Figure 4: Results of eight representative large vision-language models (VLMs) across the 20 ability dimensions defined in MMBench-test. Source: Liu et al. 2024.

Multilingual Benchmarks

Multilingual benchmarks evaluate large language models (LLMs) on their ability to process, understand, and generate text across multiple languages. These benchmarks play a critical role in testing linguistic diversity and ensuring equitable performance across languages beyond English, addressing biases that often arise in training datasets predominantly composed of English-language content.

The FLORES-101 Evaluation Benchmark: for Low-Resource and Multilingual Machine Translation focuses on testing LLMs' translation quality across low-resource languages. By including languages like Sinhala, Nepali, and Pashto, FloRes addresses the critical gap in benchmarks tailored for languages with minimal digital representation. This benchmark evaluates both forward translations (e.g., Sinhala to English) and backward translations (e.g., English to Sinhala), providing a bidirectional view of a model's multilingual translation capabilities.

A standout feature of FloRes is its incorporation of human evaluation baselines, ensuring that benchmark scores remain grounded in real-world linguistic expectations. Results consistently show that while models like GPT-4 and Google Translate perform strongly on high-resource language pairs, low-resource pairs still pose substantial challenges, particularly in idiomatic or culturally nuanced translations.


Benefits and Challenges of LLM Benchmarks

Benefits of LLM Benchmarks

  1. Informed Decision-Making

    For business owners or product leaders evaluating LLMs for their offerings, benchmarks provide a concrete, data-driven foundation for decision-making. Instead of relying on marketing claims or generic model descriptions, benchmarks offer objective performance comparisons across tasks relevant to your business.

  2. Customization Insights for Better ROI

    Benchmarks can offer insights into areas requiring fine-tuning; For example, benchmarks can reveal if a model struggles with domain-specific terminology or task complexity. This clarity enables targeted customization, maximizing your return on investment by ensuring the deployed LLM delivers tailored, high-quality outcomes.

  3. Accelerated Compliance and Risk Management

    In regulated industries like healthcare, finance, or legal services, benchmarks often include metrics for fairness, bias, and reliability. Using these as a baseline, businesses can ensure compliance with ethical and legal standards, reducing operational risks.

  4. Scaling Globally with Confidence

    For companies with international reach, multilingual and multimodal benchmarks provide a roadmap to deploying LLMs that perform well across diverse languages. By leveraging benchmark insights, businesses can expand into new markets, offering culturally and linguistically appropriate solutions that resonate with local audiences.
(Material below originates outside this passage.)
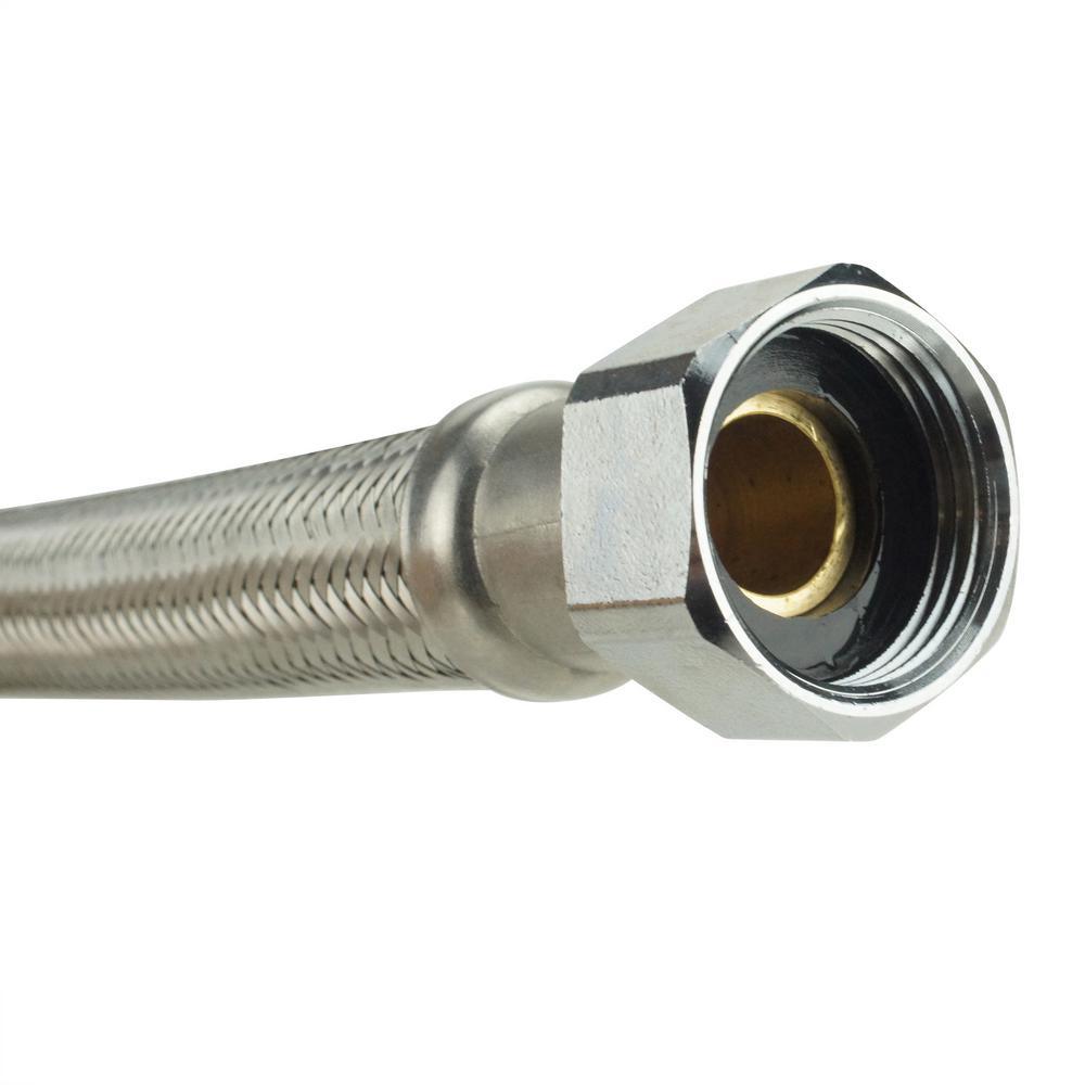 The 3/4 in. x 18 in. Tectite by Apollo Water Heater Connector with Factory Integrated Ball Valve was designed for the fast and simple installation of hot and cold water lines to water heaters. After applying pipe thread tape to the MNPT nipples on your water heater, thread the FNPT end of the Water Heater connector onto the tank and tighten with pliers. Then simply push the Tectite by Apollo Push-To-Connect end onto Copper, PEX, or CPVC pipes and your water heater is connected. The Integrated Ball Valve on the Tectite by Apollo Water Heater Connector provides a quarter-turn, single handle shut-off. The braided stainless steel lines are available in different lengths from 12 in. - 24 in. (without Ball Valve) and are also available in Corrugated Stainless Steel. Tectite by Apollo Water Heater Connectors dramatically reduce water heater installation times.

Challenges of LLM Benchmarks

  1. Narrow Task Representation

    LLM benchmarks often generalize tasks to evaluate broad model performance. However, for business owners looking to solve specific problems—such as domain-specific language processing in finance or healthcare—benchmarks may fail to capture the nuances of these specialized requirements. This misalignment can lead to overestimating a model's real-world applicability.

  2. Risk of Overfitting

    When models are trained or fine-tuned on datasets resembling benchmark tasks, they may excel in scoring but perform poorly in dynamic, real-world scenarios. For businesses, this creates a false sense of confidence in the model's capabilities, potentially resulting in underwhelming performance when deployed.

  3. Evolving Metrics and Standards

    Benchmarks represent a snapshot in time, testing against current challenges. As models improve and new applications emerge, benchmarks risk becoming outdated. For businesses, this means relying on benchmarks that may no longer be relevant to evolving market demands or customer needs.

  4. Difficulty in Measuring Human-Like Capabilities

    While benchmarks can test precision, recall, or reasoning, they struggle to capture qualitative aspects of LLM behavior, such as emotional intelligence or adaptability in ambiguous situations. These qualities are often critical for customer-facing products like chatbots, yet benchmarks fall short of measuring their effectiveness.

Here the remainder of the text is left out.